Why building production-ready RAG systems shouldn't feel like assembling IKEA furniture in the dark
The RAG Reality Check
Picture this: You've just convinced your team to build an AI-powered documentation search. The plan is simple—take your company's docs, throw them into a vector database, add some LLM magic, and boom: instant answers for your users.
Three weeks later, you're drowning in boilerplate. Your codebase looks like a Frankenstein monster stitched together from five different libraries. There's error handling scattered everywhere (or worse, nowhere). You're manually chunking documents, wrestling with embedding APIs, debugging vector similarity algorithms, and somehow your "simple" RAG pipeline has morphed into 2,000 lines of glue code.
Sound familiar?
This is where Ballerina walks in, takes a look at your mess, and says: "Why are you working so hard?"
What Makes RAG Systems Complex?
Before we dive into the solution, let's break down why RAG pipelines are deceptively complex:
The RAG Dance (and Why It's Tricky)
A typical RAG workflow involves:
- Document Loading: Read files from various sources (PDFs, markdown, databases)
- Chunking Strategy: Split documents intelligently without losing context
- Embedding Generation: Convert text chunks into vectors using an embedding model
- Vector Storage: Store embeddings efficiently with metadata
- Query Processing: When a user asks a question, embed their query
- Similarity Search: Find the most relevant document chunks
- Context Augmentation: Combine retrieved chunks with the user's query
- LLM Generation: Send the enriched prompt to an LLM for a final answer
In traditional frameworks, each of these steps requires:
- Choosing and configuring multiple libraries
- Writing integration code between incompatible APIs
- Manual error handling at every boundary
- Custom observability instrumentation
- Performance optimization from scratch
Most developers spend 70% of their time on plumbing and only 30% on actual AI logic.
Enter Ballerina: Network-Native Meets AI-Native
Ballerina was designed with a radical idea: What if distributed systems programming was actually... easy?
Now, with Ballerina's AI module, this philosophy extends to RAG pipelines. Instead of stitching together separate libraries for embeddings, vector stores, chunking, and LLMs, you get a unified, type-safe API that handles the complexity for you.
The "Aha!" Moment
Let's compare building a RAG system in two approaches:
Traditional Approach (Python + Multiple Libraries):
from langchain.document_loaders import TextLoader
from langchain.text_splitter import RecursiveCharacterTextSplitter
from langchain.embeddings import OpenAIEmbeddings
from langchain.vectorstores import Chroma
from langchain.llms import OpenAI
import os
# Configure everything separately
loader = TextLoader("./leave_policy.md")
documents = loader.load()
text_splitter = RecursiveCharacterTextSplitter(
chunk_size=1000,
chunk_overlap=200
)
chunks = text_splitter.split_documents(documents)
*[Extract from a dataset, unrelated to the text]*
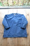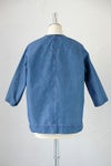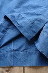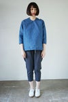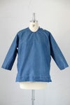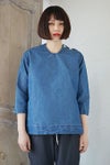 コットンポリエステルインディゴウェザーデニムで仕立てた肩ボタン開きのプルオーバーシャツ。超高密度ウェザークロスをインディゴ染めにしたオリジナルテキスタイルです。硬くてハリコシのある生地感で、表面はツヤのあるなめらかな風合い。サラッとした肌当たりで、ハリコシがありながら、着心地のよいしなやかさも併せもつ素材です。着る程に自然なアタリ感が生まれる独特の質感が魅力。左肩部分の2つボタンを開けて着るかぶりタイプ。首元はすっきり見えるUVネックです。ゆるめのボックスシルエットで、内側縫い代が総パイピング仕立ての一枚仕立て。カジュアルだけど大人っぽいモード感の漂うデニムシャツです。

embeddings = OpenAIEmbeddings(api_key=os.getenv("OPENAI_KEY"))
vectorstore = Chroma.from_documents(chunks, embeddings)
llm = OpenAI(api_key=os.getenv("OPENAI_KEY"))
# Now try to make them work together...
query = "How many leave days can I carry forward?"
docs = vectorstore.similarity_search(query, k=10)
context = "\n".join([doc.page_content for doc in docs])
prompt = f"Context: {context}\n\nQuestion: {query}"
answer = llm(prompt)
Ballerina Approach:
import ballerina/ai;
import ballerina/io;
// Initialize the RAG system
final ai:VectorStore vectorStore = check new ai:InMemoryVectorStore();
final ai:EmbeddingProvider embeddingProvider =
check ai:getDefaultEmbeddingProvider();
final ai:KnowledgeBase knowledgeBase =
new ai:VectorKnowledgeBase(vectorStore, embeddingProvider);
final ai:ModelProvider modelProvider = check ai:getDefaultModelProvider();
public function main() returns error? {
// Load and ingest documents
ai:DataLoader loader = check new ai:TextDataLoader("./leave_policy.md");
ai:Document|ai:Document[] documents = check loader.load();
check knowledgeBase.ingest(documents);
// Query and get answer
string query = "How many leave days can I carry forward?";
ai:QueryMatch[] matches = check knowledgeBase.retrieve(query, 10);
ai:Chunk[] context = from ai:QueryMatch match in matches
select match.chunk;
ai:ChatUserMessage augmentedQuery = ai:augmentUserQuery(context, query);
ai:ChatAssistantMessage answer = check modelProvider->chat(augmentedQuery);
io:println("Answer: ", answer.content);
}
Notice what's different:
- No manual chunking configuration (handled intelligently by default)
- No explicit embedding API calls (abstracted away)
- No prompt engineering boilerplate (built-in augmentation)
- No manual context concatenation (query expressions handle it)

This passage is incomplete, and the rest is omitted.